Liferia
Pudełko urodowe prosto z Ukrainy!
Zestaw znajduje się w uroczym różowym opakowaniu. Po zdjęciu pokrywy ukazuje nam się ładnie opakowana w logowany papier zawartość, przewiązana dodatkowo wstążeczką. W edycji sierpniowej znalazłam 6 produktów, 3 z nich są pełnowymiarowe, 2 kolejne to duże miniatury, zaś ostatni to cień do powiek w formie wkładu.
Produkty pełnowymiarowe
LIRENE
Żel do mycia twarzy VitaOil, Polska
Żel z podwójnym aktywnym kompleksem - witamina B5 i masło mango - skutecznie oczyszcza twarz i skórę wokół oczu z zanieczyszczeń i makijażu, w tym wodoodpornego. Odświeża, nawilża, pozostawia skórę delikatną i jedwabiście gładką.
DERMAGIQ
Krem do rąk, Holandia
Intensywny krem do rąk z miodem do codziennej pielęgnacji. Przeciwutleniacze zawarte w miodzie koją i regenerują skórę. Dodatki oleju migdałowego i masła shea chronią przed odwodnieniem i łuszczeniem się.
GLOSSIP
Błyszczyk do ust, Włochy
Trwały blask sprawia, że usta są miękkie i atrakcyjne.
Miniatury
Jedwabiste mleczko oczyszczające-peeling do twarzy, Hiszpania
Mleczko-peeling do twarzy delikatnie i skutecznie oczyszcza skórę, przyczynia się do oczyszczania i zwężenia porów, usuwa resztki zanieczyszczeń, zapobiega powstawaniu stanów zapalnych.
Oxygenating Moisturizer Cream, Hiszpania
Unikalny skład z dużą zawartością organicznych składników odżywczych i efektem intensywnego nawilżania, który głęboko odżywia skórę, poprawiając jej elastyczność.
VIPERACienie do powiek Magnetic Play Zone, Polska
Cienie mają miękką, jedwabiście gładką teksturę oraz lekką i delikatną konsystencję. Dzięki Magnetic Play Zone efektywnie podkreślisz oczy, zrobisz je jeszcze piękniejszymi i wyrazistymi.
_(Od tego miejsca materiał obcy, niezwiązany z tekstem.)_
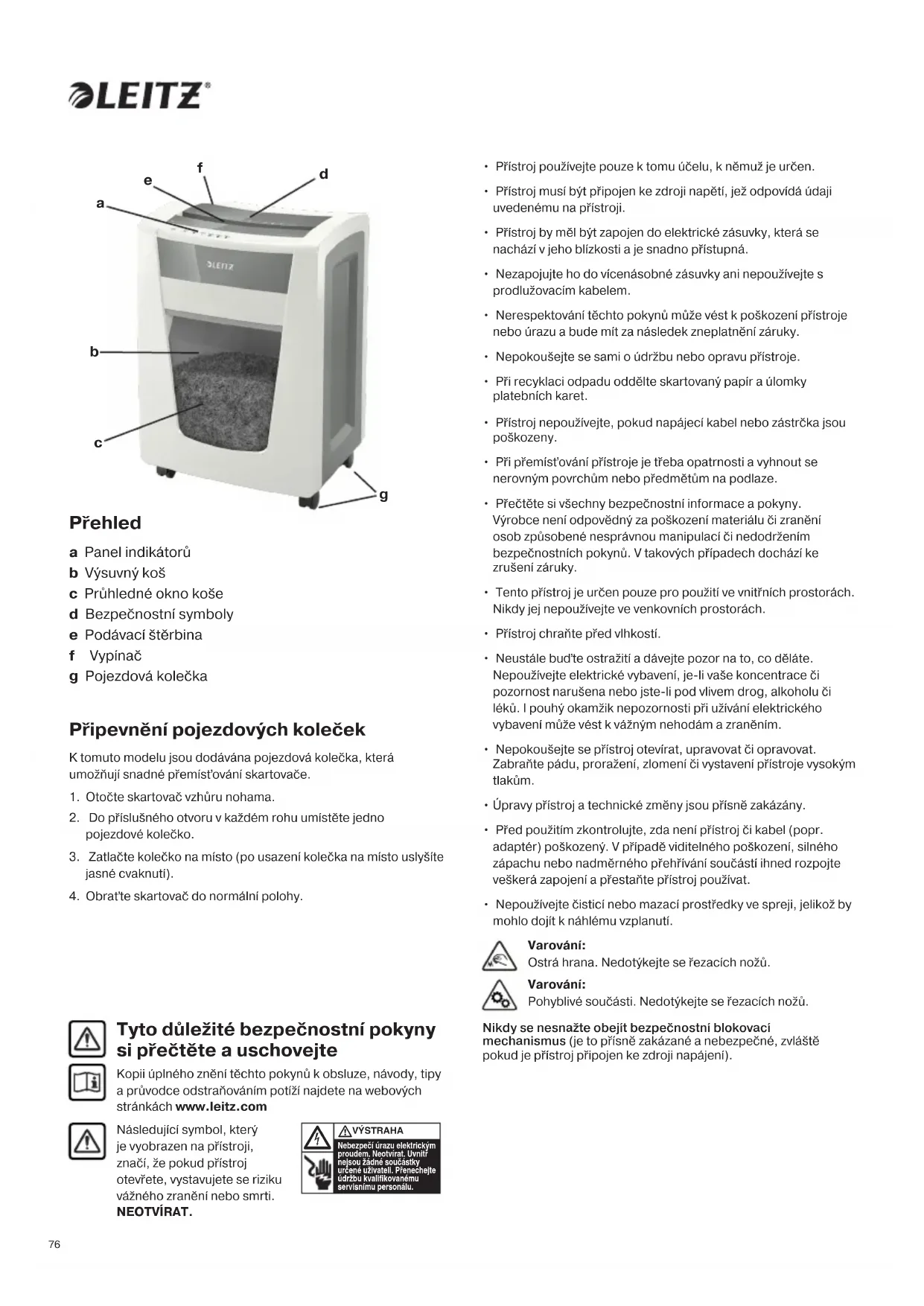 - Nepoužívejte čisticí nebo mazací prostředky ve spreji, jelikož by mohlo dojít k náhlému vzplanutí. Tyto důležité bezpečnostní pokyny si přečtěte a uschovejte Kopii úplného znění těchto pokynů k obsluze, návody, tipy a průvodce odstraňováním potíží najdete na webových stránkách www.leitz.com Následující symbol, který je vyobrazen na přístroji, značí, že pokud přístroj otevřete, vystavujete se riziku vážného zranění nebo smrti. NEOTVÍRAT. Nebezpečí úrazu elektrickým proudem. Neotvírat. Uvnitř nejsou žádné součástky určené uživateli. Přenechejte údržbu kvalikovanému servisnímu personálu. VÝSTRAHA
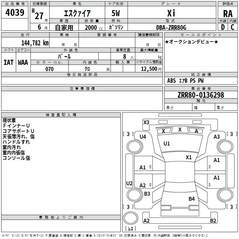 Toyota ESQUIRE с аукциона Японии TAA Hiroshima лот № 4039
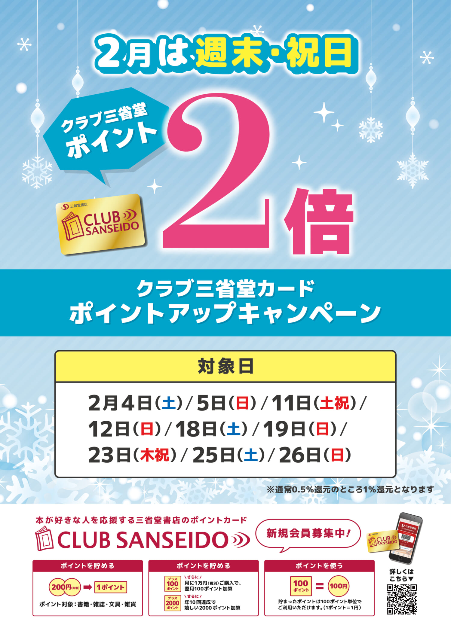 三省堂書店 2月の土日祝はポイント2倍キャンペーン 千城台OPC 3年前 「2月は土日祝がオトク!クラブ三省堂カードを土日祝にご提示頂きお買い物すると ポイントが2倍になります!この機会にぜひご来店くださいませ。」
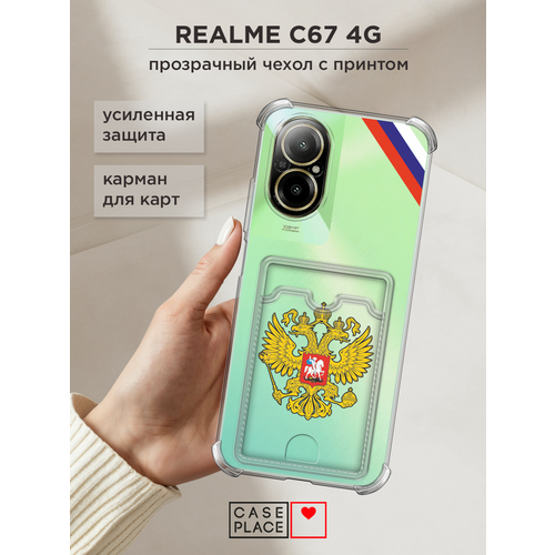 Чехол на Realme C67 4G (Реалми C67 4G) с картой и принтом "С гербом России"
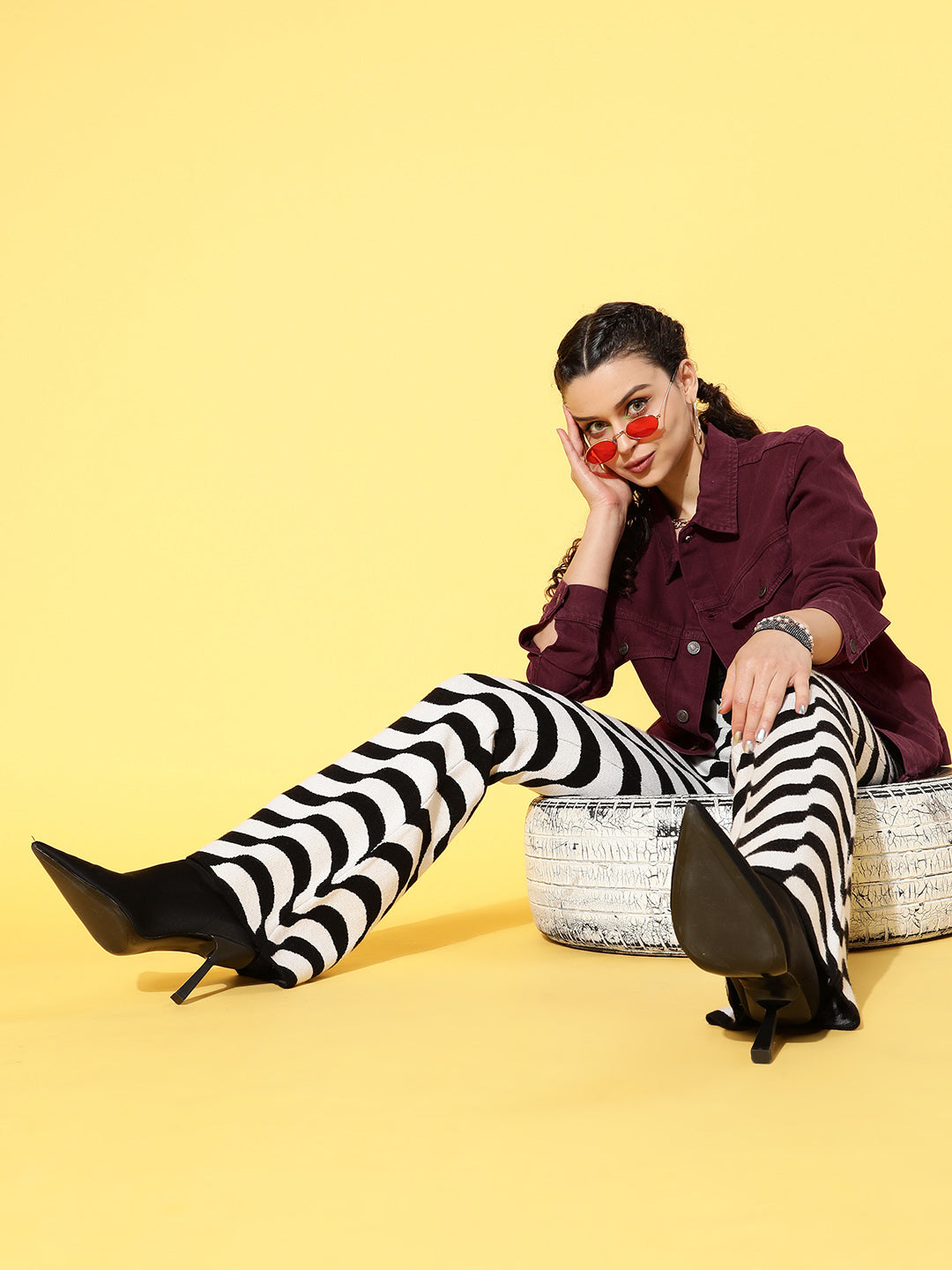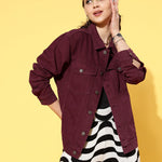 Burgundy Solid Denim Jacket, in Denim fabric, Unlined, Regular Length, Comfort Fit, Button Closure, Straight Hemline and features Flap Pocket Detail At Front
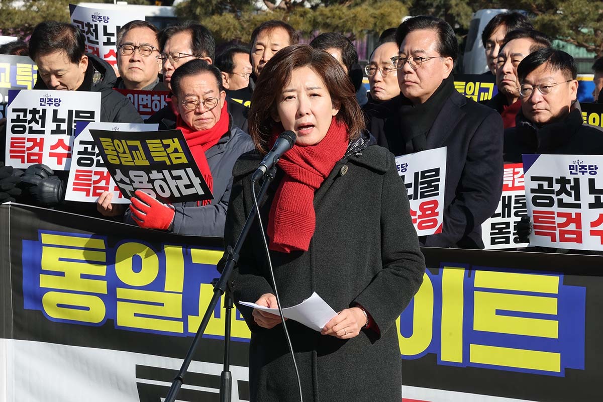 송 원내대표는 신천지 유착 의혹에 대해서도 정면 돌파 의지를 보였다. 그는 "우리 당 중진 의원이 신천지와 유착관계가 있는 듯한 뉘앙스를 풍기는 보도가 있었다"며 "좋다. 우리 당이 관련됐다고 생각하는 그대로 신천지 특검을 하자"고 했다. 또한 "신천지 관련 내용으로 우리 당에 문제가 있어서 특검을 회피하는 것 아니냐는 프레임을 만들 수 있을 텐데 전혀 아니다"라고 주장했다.
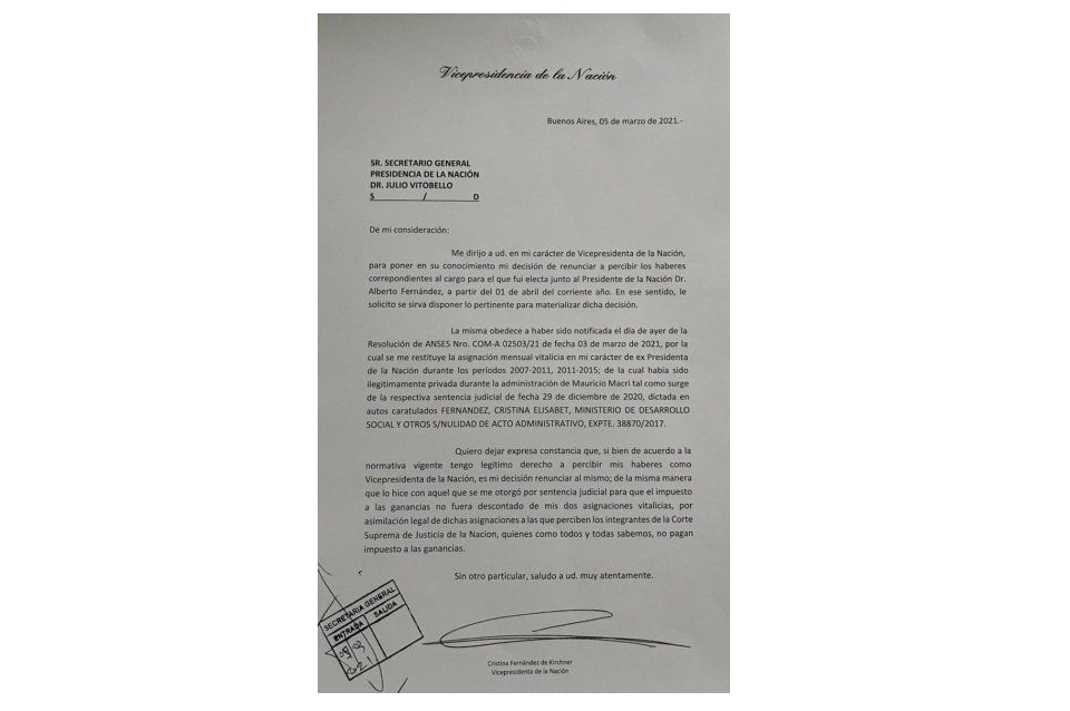 “Me dirijo a usted en mi carácter de Vicepresidenta de la Nación, para poner en su conocimiento mi decisión de renunciar a percibir los haberes correspondientes al cargo para el que fui electa junto al Presidente de la Nación Dr. Alberto Fernández, a partir del 01 de abril del corriente año. En ese sentido, le solicito se sirva disponer lo pertinente para materializar dicha decisión” dice la ex mandataria en la misiva.
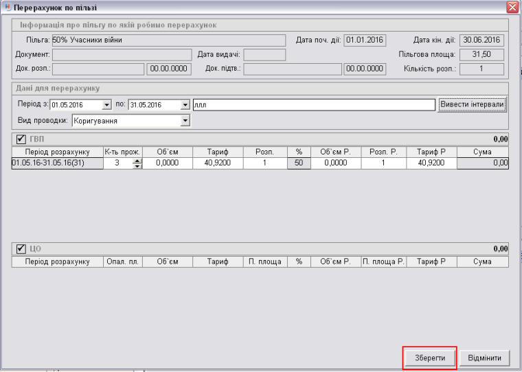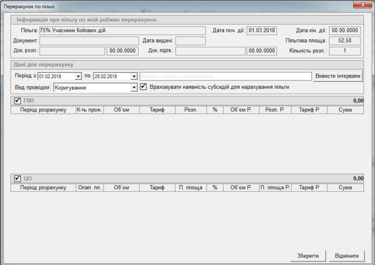 У вікні для перерахунку по пільзі автоматично підтягується інформація що заведена по пільзі: назва пільги, документ на пільгу, пільгова площа, дата початку дії та інше.
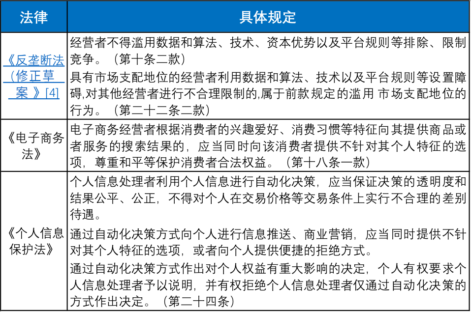 在法律法規層面,除《反壟斷法》相關規定外,《電子商務法》、《個人信息保護法》等多部法規都對算法規制作出規定,具體如下表所示:
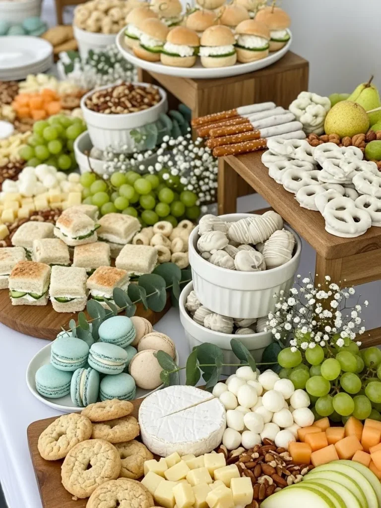 I honestly love this idea because it feels welcoming without trying too hard. I am always drawn to setups that look pretty but also feel practical, and this one nails both. Guests can help themselves easily, and the whole table still looks Pinterest perfect from every angle. It has that relaxed elegance that makes a baby shower feel special while still staying soft, neutral, and totally boy friendly.
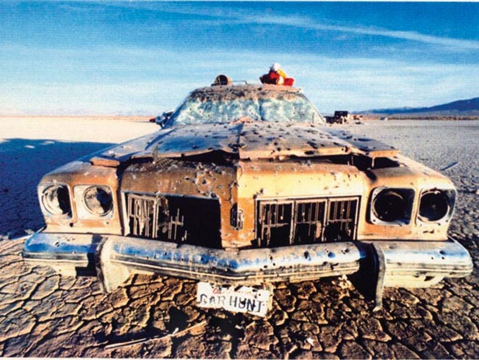 This klatch was the first theme camp at Burning Man, as well as the first of many weapons-based activities. Range control was enforced, so participating in a BARC outing was as secure as walking down the street. A few years later, we held the Car Hunt out on Blue Wing Playa in Pershing County, Nevada. Cacophony partnered with extreme-art cabal PeopleHater to reengineer and control remotely a 4,000-pound Oldsmobile Vista Cruiser station wagon and hunt it down using live ammo fired from moving vehicles. This looked very dangerous.
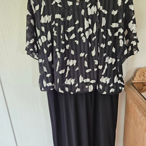 Helt ny og ubrukt svart kjole fra Lola May i str uk 16, som tilsvarer en norsk str 44. I glatt stoff med stilige detaljer i utringningen.
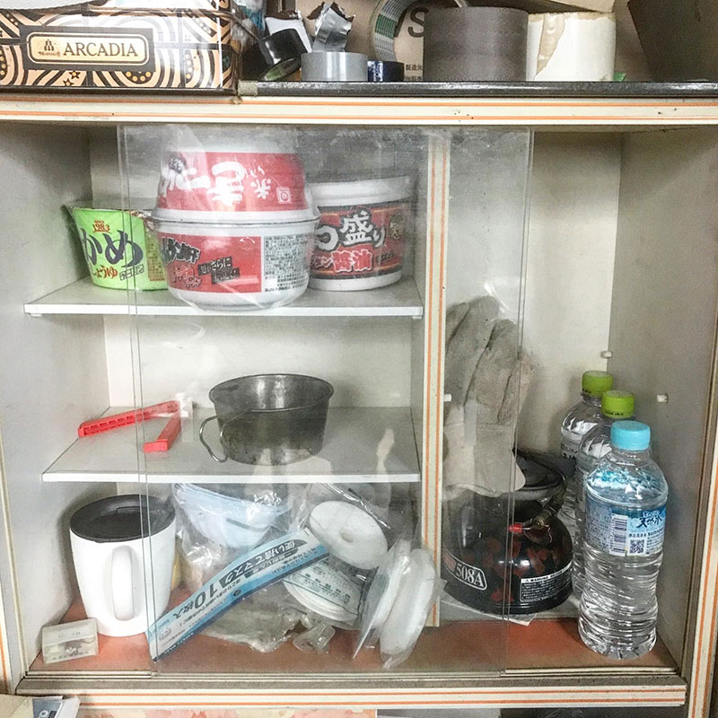 仕事の段取りとかで昼飯に家に戻りたく無い時に簡単に済ませられるようにカップラーメンとミネラルウォーターを買い置きできるように買って来た。電気以外は通って無いけどコールマンのワンバーナーで火を起こせるので。
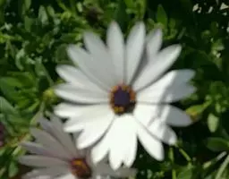 蓝目菊株高一般在60cm以下。基生叶丛生,茎生叶互生,长圆形至倒卵形,通常羽裂,全缘或少量锯齿,叶面幼嫩时有白色绒毛。花径7.5㎝左右,舌状花白色,先端尖 ,背面淡紫色,盘心蓝紫色。有单瓣、重瓣之分。花期夏秋季。
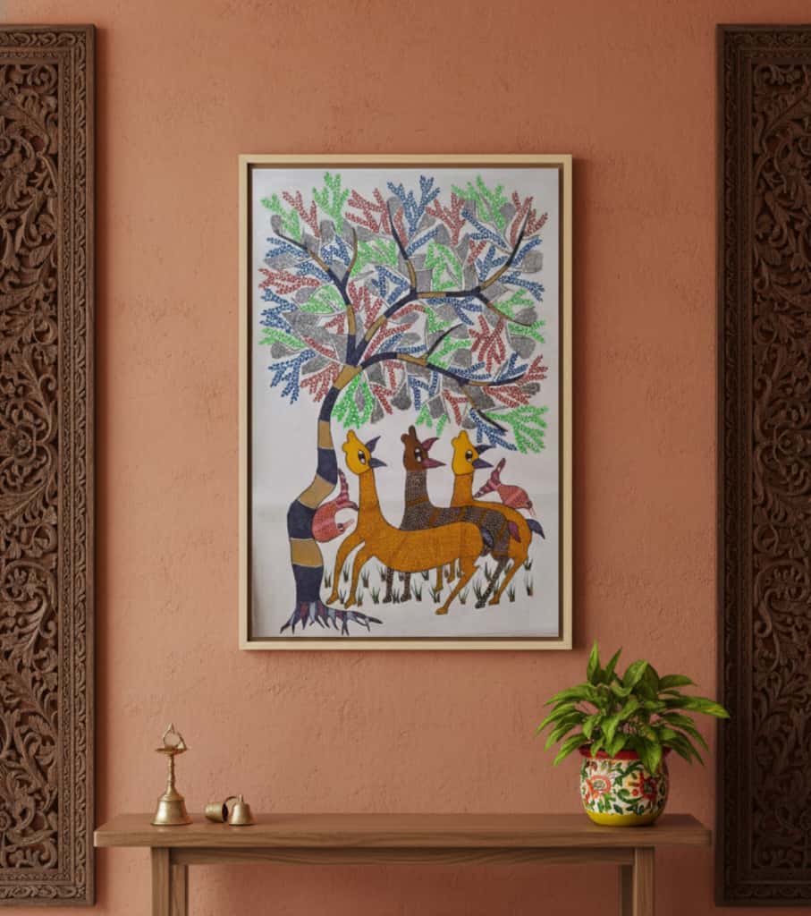 Authentic Handmade Gond Painting | 36×24 Inch Tribal Art with Deer & Tree Motif | Wall Decor (Without Frame)
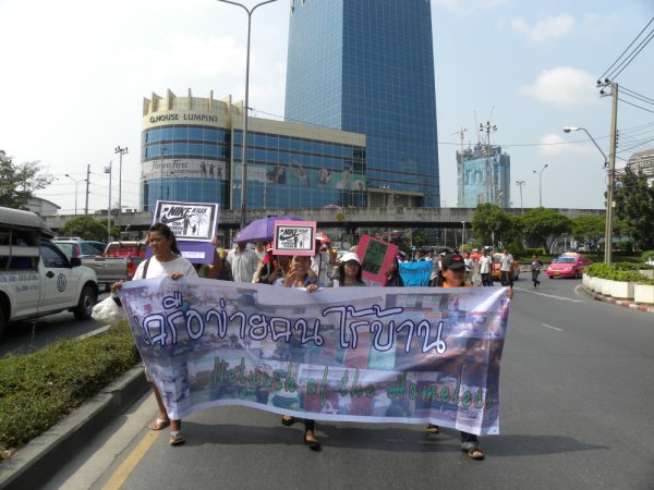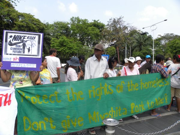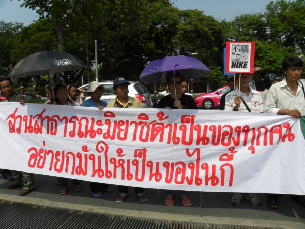 On a different subject, we wanted to share with you that Four Regions Slum Network held a solidarity action, marching to the Japanese embassy in Bangkok, demonstrating, and submitting a petition yesterday, 31 March, in support of homeless friends living in Miyashita Park, Shibuya Ward, Tokyo, who will be evicted by the park’s conversion into Nike Park. A first secretary from the Japanese embassy, Mr. Suzuki Rikio, accepted the petition and promised to send it to the Foreign Ministry in Tokyo, to be forwarded to Shibuya Ward.
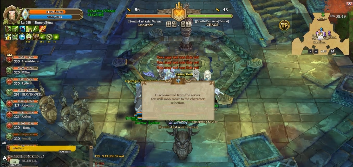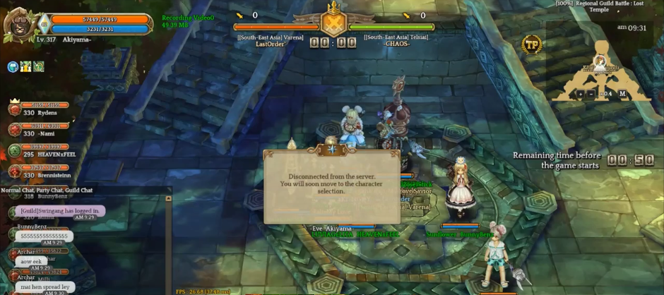I suppose other guilds have also fallen victim to -Chaos- crashing GvG. It’s not easy to submit a video of them crashing because we don’t know what’s causing the crash. It might be a 3rd-party software. So I’m just posting this thread to make SEA server aware of -Chaos- tactic in GvG.

Pośród kosmetyków znalazłam dwie dobrze mi znane marki i cztery takie, o których nigdy wcześniej nie słyszałam. Lirene i Vipera to polskie marki, które kojarzy każda dziewczyna, która choć trochę interesuje się kosmetykami. Żel do mycia twarzy z Lirene trafił do mnie w odpowiednim momencie ponieważ mój obecny preparat za moment sięgnie dna. Cień marki Vipera nie zauroczył mnie, ale to nic, bo pewnie na tego rodzaju srebro znajdę chętną wśród moich koleżanek. :-)
Kosmetyki, które zdecydowanie przykuły moją uwagę to miniatury w białych tubkach. Wyczytałam, że mleczko-peeling marki Kueshi zawiera mielone skorupki orzecha włoskiego, które mają skutecznie oczyszczać skórę z martwych komórek warstwy wierzchniej, zaś krem marki Noabay ma intensywnie nawilżać i odżywiać cerę dzięki zawartości kwasów tłuszczowych, które znajdują się w awokado i oliwie z oliwek. Skuszę się również na wypróbowanie kremu do rąk z dodatkiem miodu (który znajduje się już na drugim miejscu w składzie!) Dermagiq. Nie przypadł mi do gustu błyszczyk z powodu niedopasowanego (choć jesiennego) koloru.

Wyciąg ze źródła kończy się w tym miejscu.